Before Christmas Petersen was on Twitter again, this time writing about the shortage of french fries in Japan. McDonald’s has been forced to limit sales in the country due to problems with the purchase of potatoes. Flexport found three cargo planes that were supposed to bring goods from Japan to the US and then fly back empty. Instead, Flexport organized the return of aircraft with 300 tons of potatoes. The trick was far from a long-term fix, but it hit the headlines, and Petersen played the protagonist, demonstrating the power of logistics.
George Frey | Getty Images
Two months later, the company announced a $ 900 million E-series financing round with a valuation of $ 8 billion involving investors including Andreesen Horowitz, Shopify and Softbank (based in Japan).
“He has big, daring goals, the industry is huge and broken, and there’s a lot of work to do, and that’s a tough problem he’s facing,” George said. “Raising a large combat chest gives him the ability and flexibility to do what he needs to do in the coming years, in terms of introducing new technological products and expanding to new lanes geographically.”
“We have a billion in liquid assets, and we strongly believe in having a fortress-like balance sheet to overcome things like geopolitical crises and stock market downturns,” Petersen told CNBC in March.
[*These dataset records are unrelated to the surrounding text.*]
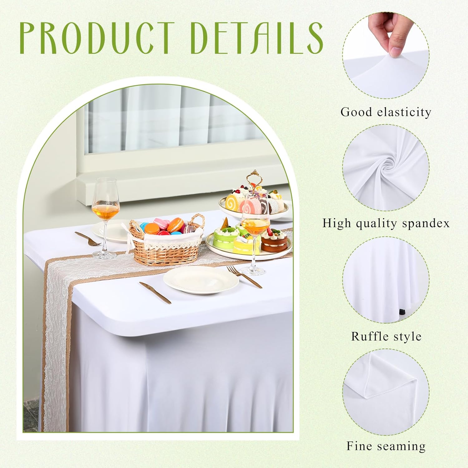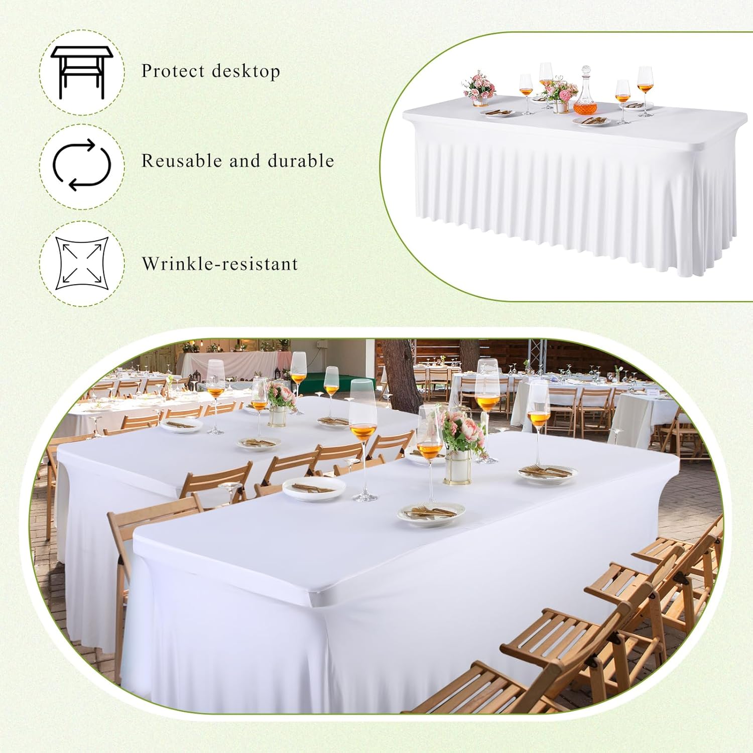 Features: Easy to use: This rectangle tablecloth for 6 foot table is a disposable product, no need to clean up after use, you can just throw it away after use, very convenient, make your life more comfortable. Thoughtful design: The spandex tablecloth and table skirt 2 in 1 piece spandex fitted tablecloth. You don't need to spend more time on shopping separately for tablecloths and table skirts, and you don't need to worry about the color matching of tablecloths and table skirts. Specifications: Material: spandex Color: white Size: about 72 x 30 x 29 inches/ 183 x 76 x 74 cm Package includes: 3 x Table cover Notes: Manual measurement, please allow slight errors on size. The color may exist a slight difference due to different screen displays. This product is not recommended for washing.
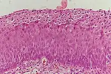 - ↑ Darragh TM, Colgan TJ, Thomas Cox J, Heller DS, Henry MR, Luff RD, et al. (January 2013). "The Lower Anogenital Squamous Terminology Standardization project for HPV-associated lesions: background and consensus recommendations from the College of American Pathologists and the American Society for Colposcopy and Cervical Pathology". International Journal of Gynecological Pathology. 32 (1): 76–115. doi:10.1097/PGP.0b013e31826916c7. PMID 23202792. S2CID 205943774.
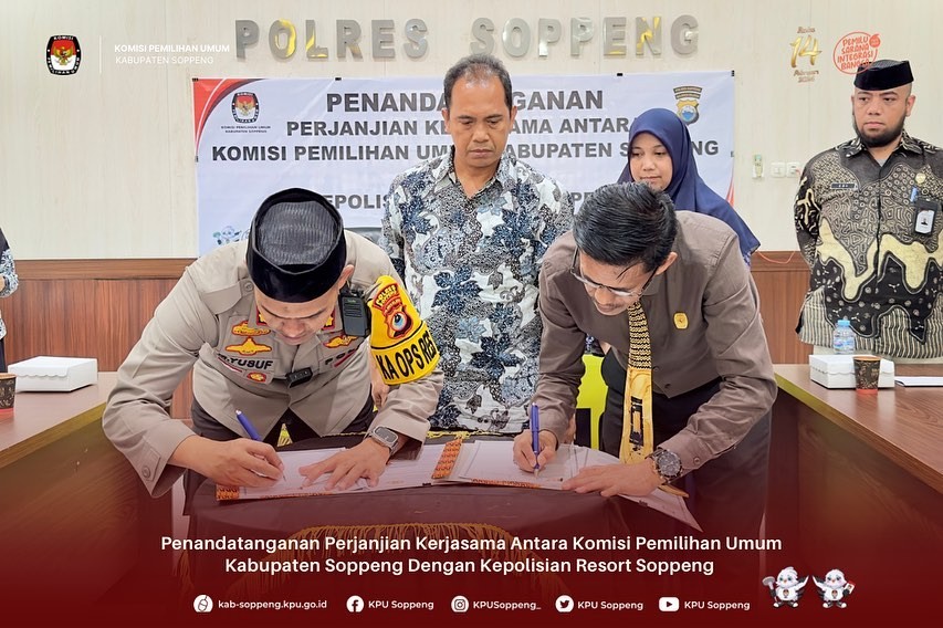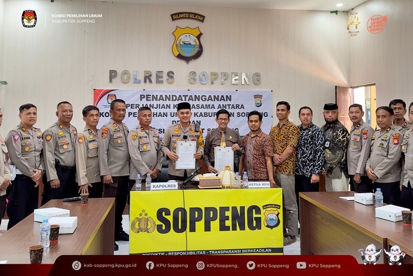 2. PENANDATANGAN PERJANJIAN KERJA SAMA ANTARA KPU KABUPATEN SOPPENG DENGAN KAPOLRESSOPPENG
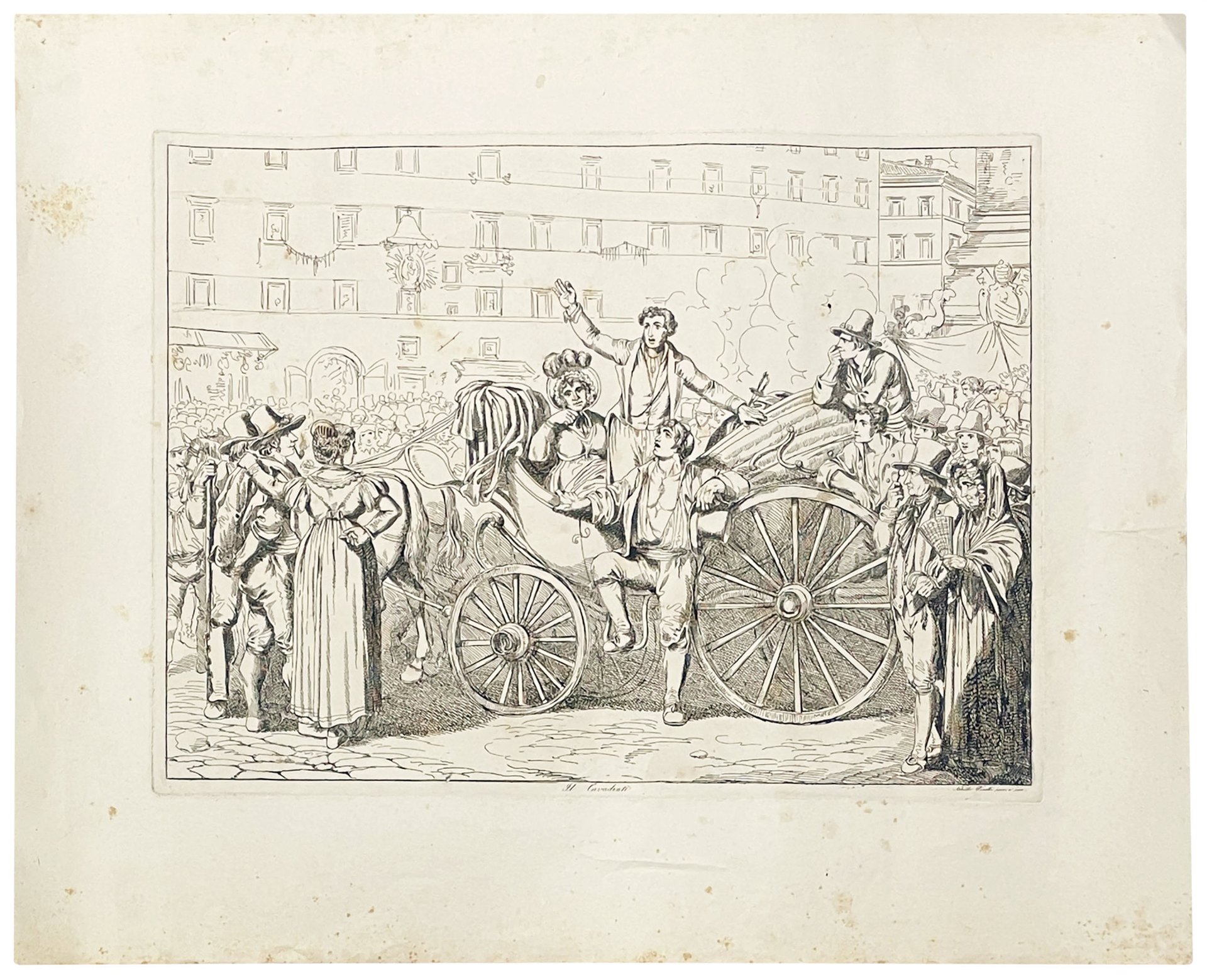 The print, drawn and engraved by Achille Pinelli, shows the arrival of the Cavadenti (the Tooth Puller) on a carriage in Piazza Montecitorio, Rome, awaited by a large crowd. The front scene is very detailed, while the background of the scene is only sketched. The print is very interesting for its particular artistic style, as well as a testimony of the Roman life in the first half of the 19th century.

After this fundraiser, Petersen shifted his passion for problem solving and Flexport’s logistics experience to a nonprofit space. In early March, Flexport.org announced that it was organizing aid deliveries to Ukrainian refugee facilities across Europe, noting that an estimated 60% of all aid deliveries in response to humanitarian crises had disappeared over the past few decades. due to lack of logistics coordination.
Flexport’s work to improve the movement of goods around the world is part of a wave of technologies that solve supply chain problems. In fact, this year’s Disruptor list has 50 more logistics companies than in any year in the last decade. Two more are in the top ten this year – Lineage Logistics at № 3 and Convoy at № 6. There are other key destroyers, including Flock Freight and CloudTrucks, which specialize in trucking.
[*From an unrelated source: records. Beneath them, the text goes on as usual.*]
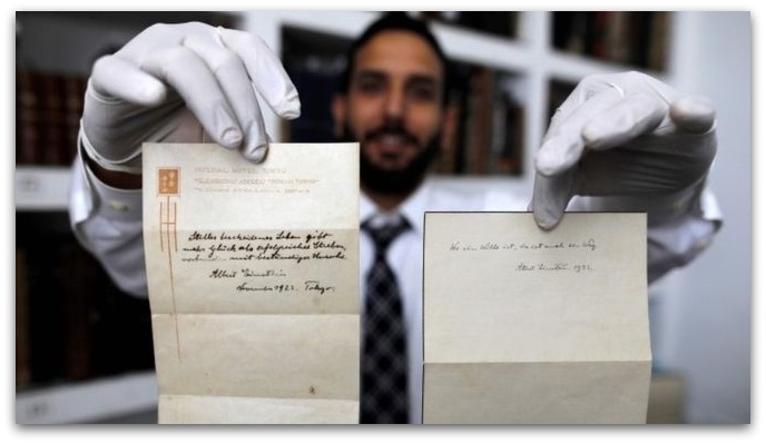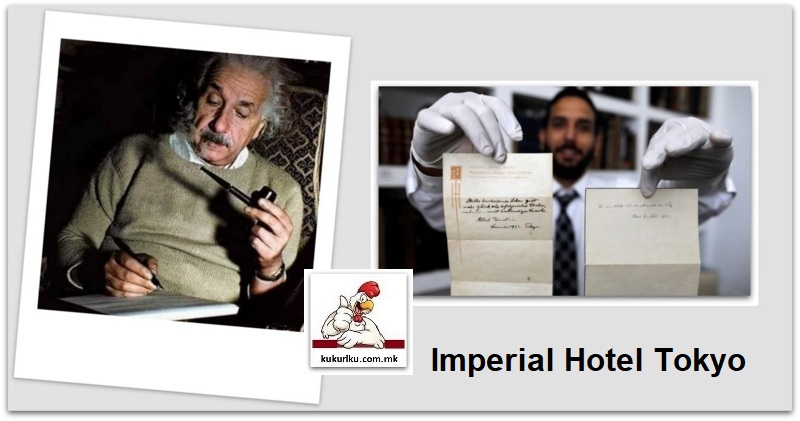 Но, тој не сакал да го остави со празни раце, па на германски му подарил две белешки. „Можеби, ако имате среќа, овие белешки ќе вредат многу повеќе од една напојница“, рекол Ајнштајн. На другата белешка, напишана на лист хартија со логото на Империал хотел, пишувало:
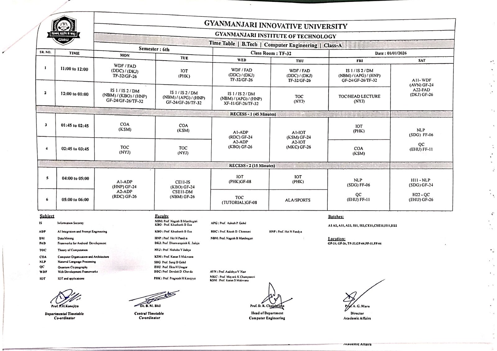 | Subject Code | Subject Name | Short Name | L | T | P | Credit |
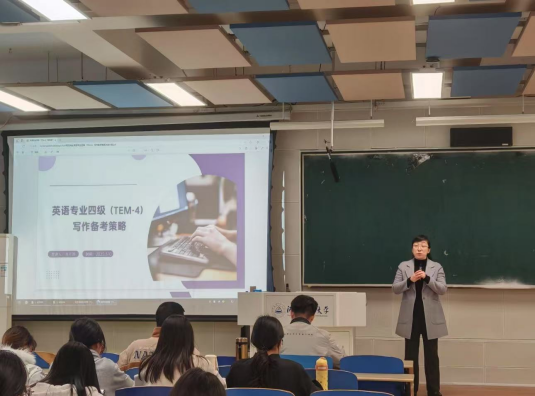 讲座由emc易倍副教授、硕士生导师郑月波老师主讲。郑老师围绕专四写作的技巧与方法进行了深入浅出的讲解,特别强调了写作部分在英语专业四级考试中的重要地位。

Then there are startups that deal with logistics from other perspectives. Gopuff, who wants to deliver food and essentials quickly, is on the list for the third year in a row. Zipline, which became known for its drones to deliver essential medical supplies, is now also shipped to Walmart. Mexican company Jüsto, which deals with product delivery; An airspace that uses artificial intelligence to control the delivery of time-sensitive cargo, such as human organs for transplantation; and Exotec, a French robotics company that uses AI to control the storage of high-density stocks in warehouses.
“I like the idea of solving problems, especially those that have such implications for society,” George said. “It’s a huge, massive space with very, very little technology and the capabilities that you have, if you’re customer-focused and if you can make big moves, you can really create products that people love … it’s amazing.”